A partir de los últimos días de noviembre, el precio del pollo y del huevo podría sufrir un incremento debido a que las altas temperaturas afectan la producción. Se estima, que esta suba, que se producirá en las granjas, puede ser trasladada a los comercios, por ende al consumidor final.
A finales de noviembre las temperaturas empiezan a influir en la producción y la oferta cae, por lo que el precio puede llegar a modificarse a nivel granja (al existir menos oferta el valor de la unidad tiende a subir).

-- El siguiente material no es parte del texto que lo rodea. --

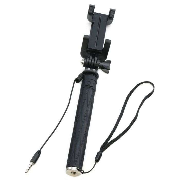Особенностью и удобством этой модели монопода является компактный размер (всего 155 мм) и встроенная в рукоятку кнопка дистанционного спуска. Связь монопода со смартфоном осуществляется посредством кабеля с разъемом Jack (3,5 мм). Провод подключается в гнездо для наушников.
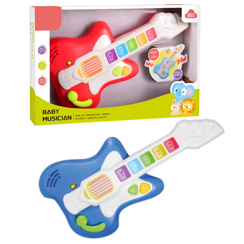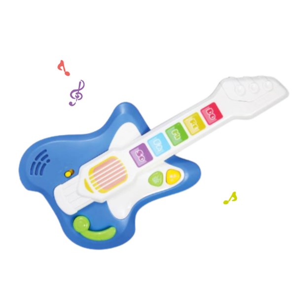 Забавна интерактивна гитара со тач- копчиња, специјално дизајнирана за малите рок свезди! Секое притискање активира мелодии, звуци и светла. Јачината на звукот се прилагодува(појако/потивко).

Los intermediarios pueden aprovechar esto y aumentar más el precio, advirtió a SITIO ANDINO, Mario Maroto, titular de la Unión Avícola Regional Andina (UARA).
Esta actitud que suelen adoptar los comercios (intermediarios) que venden estos productos, cuando en la granja hay un aumento de precios, no la llevan adelante cuando sucede lo contrario, es decir cuando los valores en estos establecimientos caen.
En estos últimos meses se ha producido una baja importante en el precio del pollo y el huevo a nivel granja porque ha habido una sobreoferta en el mercado, pero esta disminución, en general no se ha visto transmitida al público, indicó Maroto.
Las trabas en las exportaciones, el aumento de la producción por las favorables temperaturas y la baja en el consumo, hicieron que en el mercado avícola haya una sobreoferta por lo que los precios sufrieron una caída.
En agosto, en el supermercado, la media docena de huevos costaba entre $7 y $7,40, mientras que hoy se vende entre $5,40 y $5,70, comentó el titular de la UARA.